Votre site d'informations généraliste

Moustapha Bâ dégage des perspectives prometteuses

LANCEMENT DE L’EXECUTION BUDGETAIRE

Le Ministre des Finances et du Budget a procédé, hier, au lancement officiel de l’exécution budgétaire au titre de l’année 2023. Une occasion pour Moustapha Bâ de faire le bilan de l’exercice 2022 avant d’exposer les perspectives prometteuses de l’année en cours.

Le ministre des Finances et du Budget, Mamadou Moustapha Ba, a assuré mardi à Dakar, que le budget 2022 a été exécuté dans de  »bonnes conditions » avec un taux d’engagement de 95,7%, en dépit des évènements ayant fortement affecté les orientations budgétaires de la loi de finances initiale. « Nous pouvons cependant nous réjouir de constater que le budget a été exécuté dans de bonnes conditions avec un taux d’engagement de 95,7% et d’ordonnancement de 95,4%, grâce à une bonne maîtrise des procédures sur toute la chaîne de dépenses’’, a-t-il salué.
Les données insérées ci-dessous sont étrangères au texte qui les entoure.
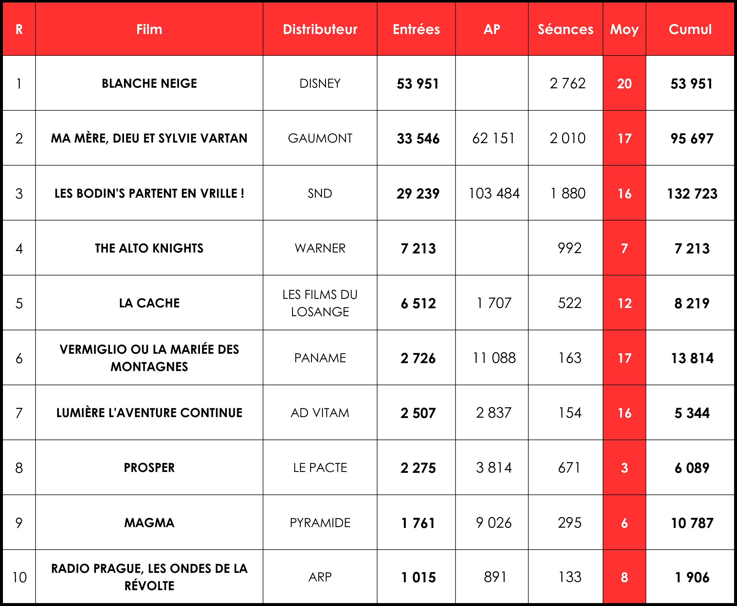 Avec 53 000 entrées et sans avant-premières (AP), Blanche Neige obtient une moyenne de 20 entrées par séance (e/s) pour son premier jour. Le live action de Marc Webb (The Amazing Spider-Man, Mary) se situe bien en-deçà des 140 000 entrées du récent Mufasa : Le Roi Lion ou des 85 000 entrées de Cendrillon (2015) et Maléfique (2014), plutôt à hauteur d’une Cruella (44 000 entrées, 20 e/s en juin 2021). En décembre dernier, chez Universal, Wicked avait réalisé 33 000 entrées, mais 87 000 avec AP (actuellement à 850 000 entrées).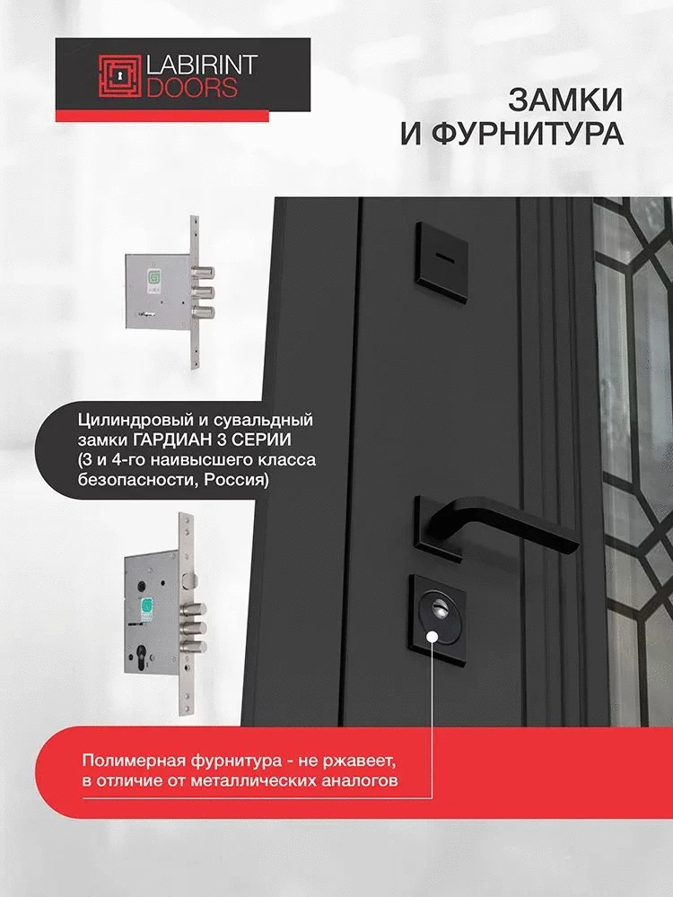 - Черная фурнитура (полимерная): накладки сувальдные со шторкой, накладка под цилиндр, дверная ручка, ночная задвижка, металлический эксцентрик с защитной вставкой.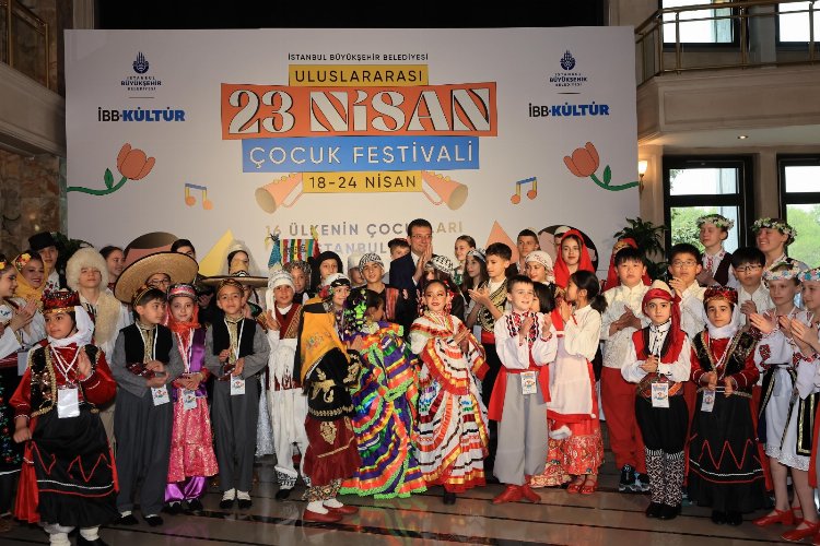 İstanbul Büyükşehir Belediye Başkanı Ekrem İmamoğlu, 15 farklı ülkeden ‘Uluslararası 23 Nisan Çocuk Festivali’ için İstanbul’a gelen çocukları, Saraçhane’deki tarihi Meclis Salonu’nda ağırladı.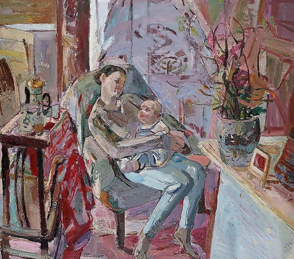 在女性艺术家中闫平的绘画,不仅描绘了日常生活,而且还表达了艺术家的情感以及生活态度。《母与子》作为其绘画作品中非常具有代表性的一个类别能为人所称赞,与其女性的独特视角有关。我们能发现无论是母亲怀抱孩子、与孩子对视或者二人之间的肢体触碰,闫平总能通过构图与动态的塑造来将二人“联系”在一起,这种联系不是生硬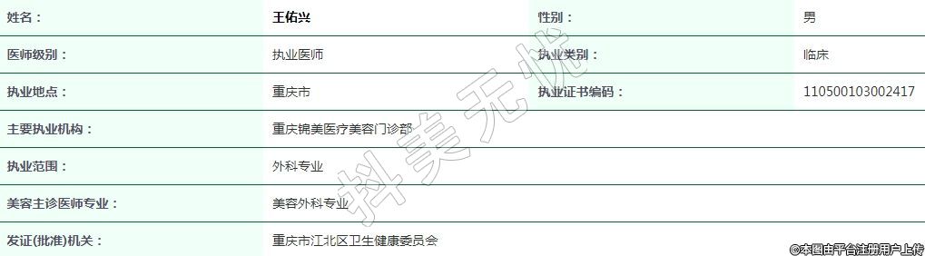 重慶錦美醫(yī)療美容執(zhí)業(yè)醫(yī)師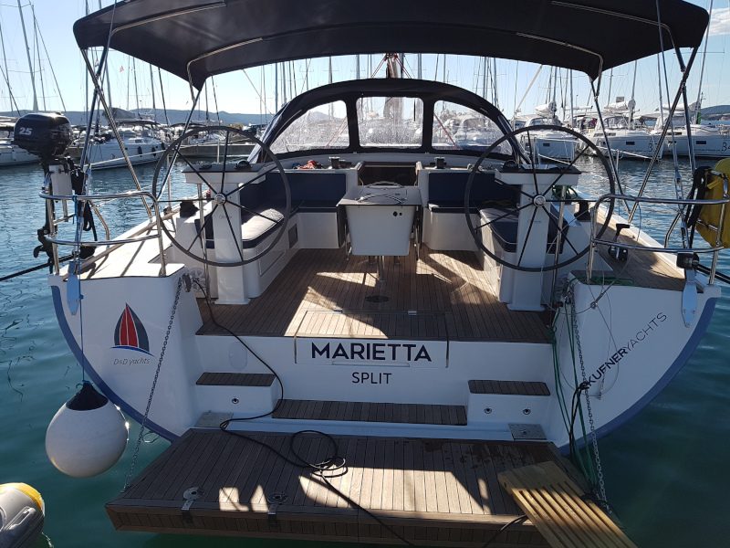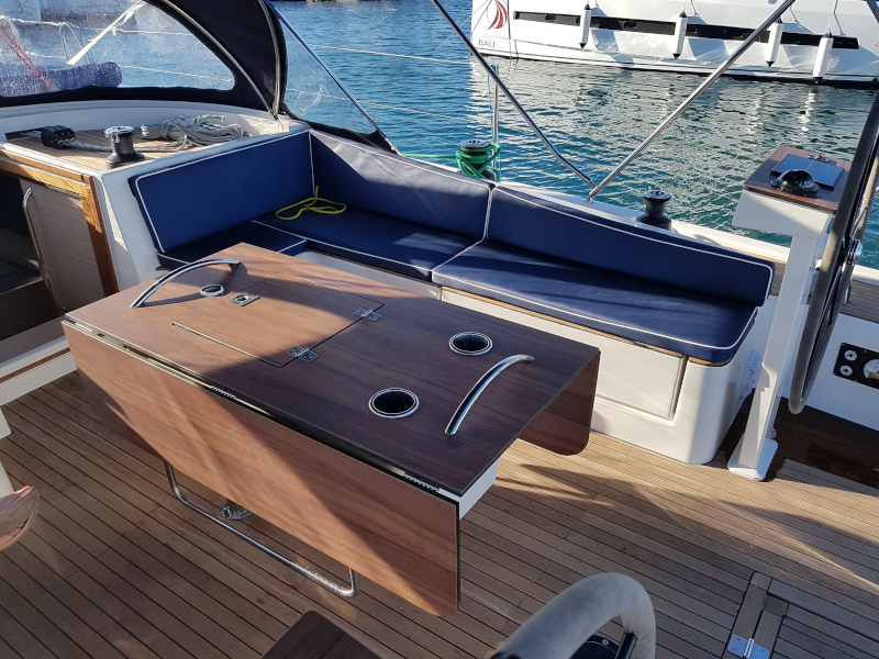 | Outside | Badeplattform, Biminitop, Cockpitdusche, Cockpitlautsprecher, Cockpitpolster, Cockpittisch, Sprayhood, Teak im Cockpit, Teakdeck |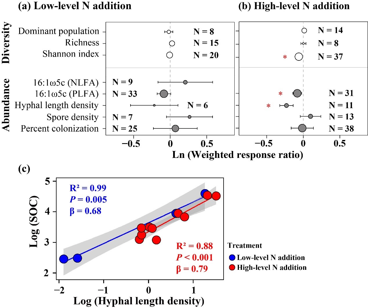 圖3.?低氮添加(a)和高氮添加(b)對熱帶森林AMF多樣性和豐度的影響,以及兩種氮添加水平下土壤AMF菌絲長度密度與土壤有機碳之間的關系?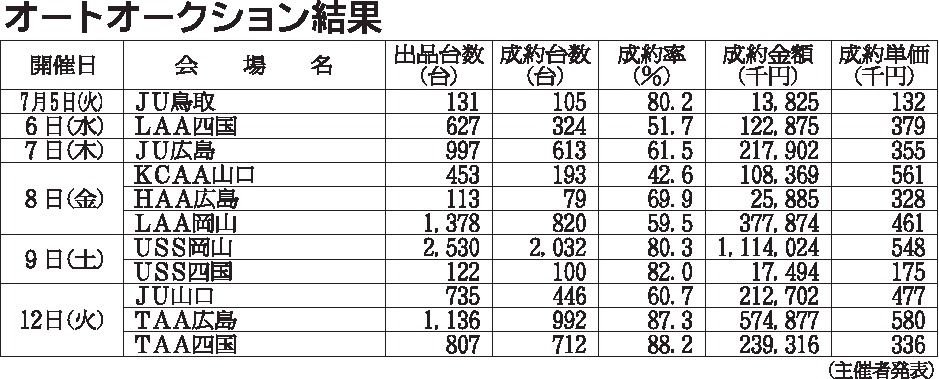 〈オートオークション結果〉中国・四国地区 2022/7/5~12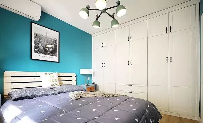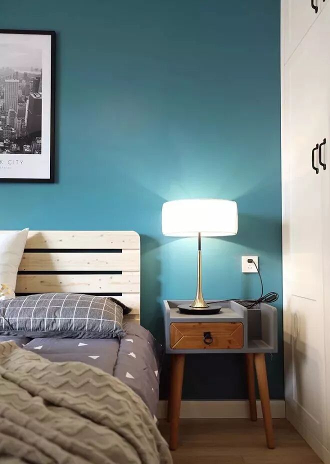 孔雀绿的床头背景给了空间新的生命和活力,改善了空间狭长的视觉感受。

M. Ba estime que l’année écoulée a été marquée par “des évènements qui ont fortement affecté les grandes orientations budgétaires retenues dans la loi de finances initiale”.

Le ministre a notamment évoqué l’impact de la crise russo-ukrainienne, des tensions inflationnistes, des effets latents de la crise sécuritaire au Mali et de la Covid-19. “Ces évènements ont d’ailleurs conduit à l’adoption d’une loi de finances rectificative en mai 2022, afin de procéder à des réorientations et ajustements indispensables pour atténuer l’impact de ces chocs sur les populations”, a-til souligné.
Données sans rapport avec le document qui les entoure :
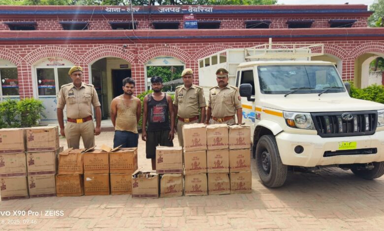 पुलिस अधीक्षक देवरिया श्री विक्रान्त वीर द्वारा जनपद में अवैध शराब के विरुद्ध चलाये जा रहे अभियान *“ऑपरेशन प्रहार”* के तहत अपर पुलिस अधीक्षक दक्षिणी श्री सुनील कुमार सिंह के निर्देशन में तथा क्षेत्राधिकारी सलेमपुर श्री दीपक शुक्ल के कुशल पर्यवेक्षण में थाना लार पुलिस द्वारा आज दिनांक 08.07.2025 को संदिग्ध व्यक्तियों व वाहनों की चेकिंग के दौरान मुखबिर की सूचना पर मेहरौना चेक पोस्ट से बिना नम्बर प्लेट की एक पिकप वाहन से आलू और लौकी की बोरियों के बीच छिपाकर बिहार ले जायी जा रही विभिन्न धारिताओं की पंजाब निर्मित अंग्रेजी शराब क्रमशः 1. 11 पेटी रायल स्टैग, 2. 15 पेटी रायल चैलेंज व 3. 06 पेटी आल सीजन (कुल 32 पेटी) के साथ 02 अभियुक्तों क्रमशः1. अँकेश पुत्र रामजी शाह निवासी सूरवीर थाना सिवान जिला सिवान (बिहार) व 2.शशि कुमार पुत्र उपेन्द्र सिंह निवासी करपी थाना करपी जिला अलवर (बिहार) को गिरफ्तार करते हुए उनके विरुद्ध थाना स्थानीय पर मु0अ0सं0-242/2025 धारा-318(4), 319(2) बीएनएस0 व 60/63 आबकारी अधिनियम का अभियोग पंजीकृत करते हुए नियमानुसार अग्रिम विधिक कार्यवाही की जा रही है ।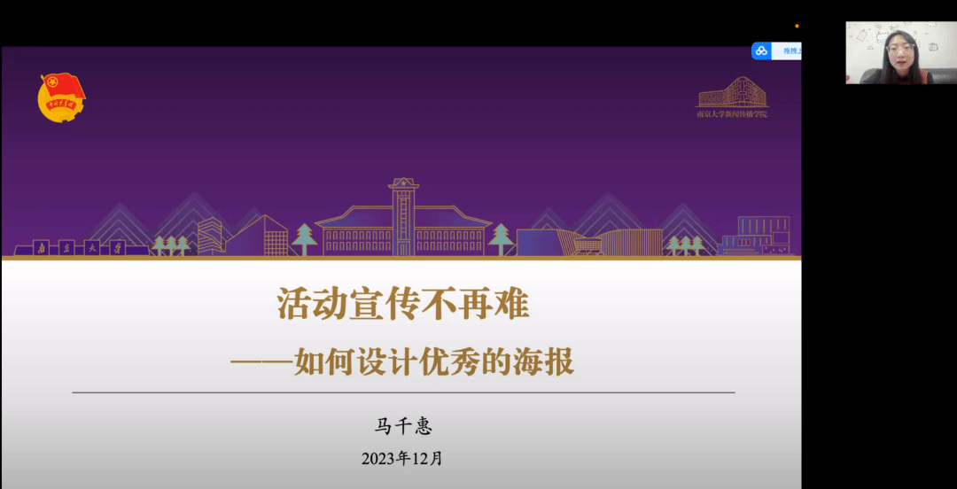 部分大型活动的开展,一般需要历经前期预告、中期推进和后期回顾三个过程,每一阶段都需要一张张引人驻足的海报作为点睛之笔和加持动能。马千惠讲师具有丰厚的海报设计和推送经验,在本次授课中,她从设计风格、字体选择、排版技巧、素材积累四方面,与同学们分享了海报设计的经验技巧。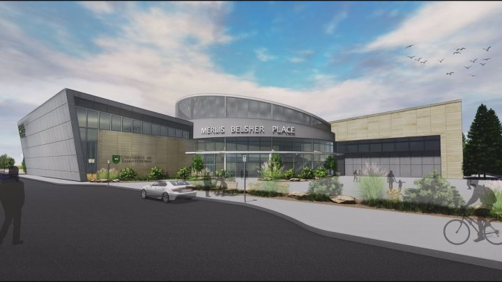 Merlis Belsher Place is scheduled to open in October 2018, with two NHL-sized ice surfaces and two NBA-sized basketball courts.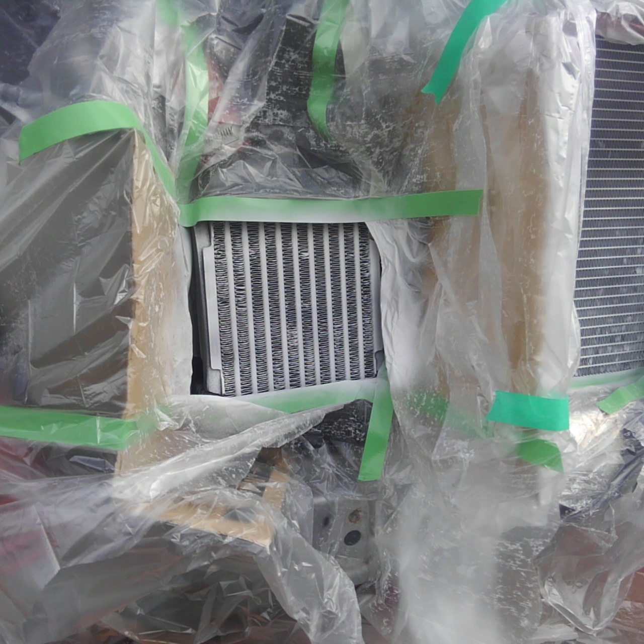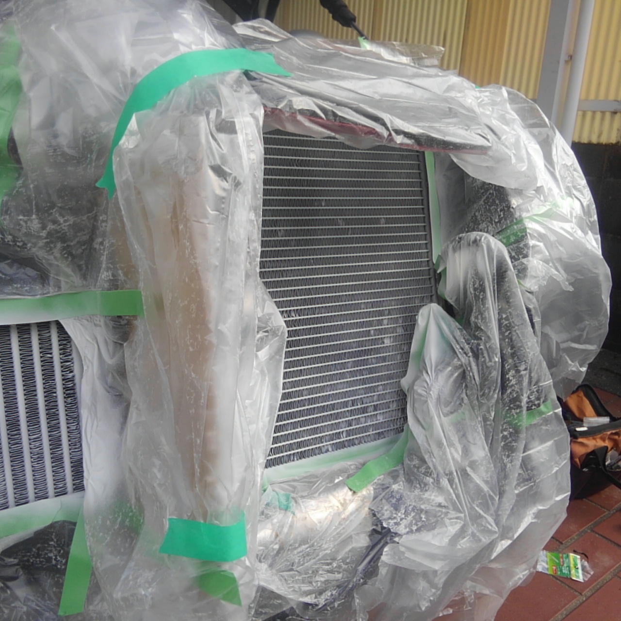 ただ、いくらなんでもスプレー塗装だけでエアコンコンデンサーを外す訳にもいかず車載状態でそのまま表面のみ吹き付けしていきます。

LE BUDGET 2022 EXÉCUTÉ À UN TAUX D’ENGAGEMENT DE 95, 7%

L’Etat du Sénégal a adopté “ces politiques de soutien au pouvoir d’achat des ménages, traduites notamment par l’augmentation des subventions aux produits énergétiques et alimentaires, l’impact de la revalorisation des salaires des agents de la Fonction publique, ont fortement pesé sur les finances publiques”, a-t-il expliqué. Ces politiques étaient surtout accompagnées de mesures de renoncement à des recettes fiscales, a-t-il fait savoir. Mais, a souligné Mamadou Moustapha Ba, toutes ces mesures étaient nécessaires “pour maintenir les équilibres budgétaires”. Le ministre des Finances et du Budget a assuré que ces transactions représentent “pas moins de 88 000 bons d’engagement qui ont été émis et pris en charge à 97,8%”.

CONSOLIDATION DE LA POLITIQUE DE JUSTICE ET D’ÉQUITÉ SOCIALE

En ce qui concerne les attentes sur l’an 2023, le Ministre des Finances et du Budget a d’abord rappelé que le budget a été arrêté à 6411,5 milliards. « Il est bâti, à partir d’hypothèses de reprise progressive de l’activité économique avec comme fait majeur le début de l’exploitation des ressources d’hydrocarbure, qui devra avoir un impact sur la croissance économique, attendu à 10,1 %, contre 4,8% en 2022 et 6,5% en 20921 », a expliqué M. Bâ.

Il a ajouté dans son intervention qu’il n’est pas inutile de rappeler que ce budget de cette année intervient dans un contexte marqué par le prolongement de la crise russo-ukrainienne, la consolidation de la politique de justice et d’équité sociale chère à Monsieur le Président de la République, son Excellence Macky SALL, à travers la revalorisation des salaires à hauteur de plus de 236 milliards F CFA, de lutte contre la vie chère, grâce à la poursuite des subventions pour 550 milliards FCFA dont 450 milliards FCFA pour l’énergie et 100 milliards FCFA pour les denrées de première nécessité, non compris les renonciations de recettes fiscales, et de soutien accru aux ménages les plus vulnérables avec des bourses de sécurité familiale qui passent de 25 000 à 35 000 FCFA par trimestre, et des effectifs qui passeront à terme à 500 000 ménages contre 316 000.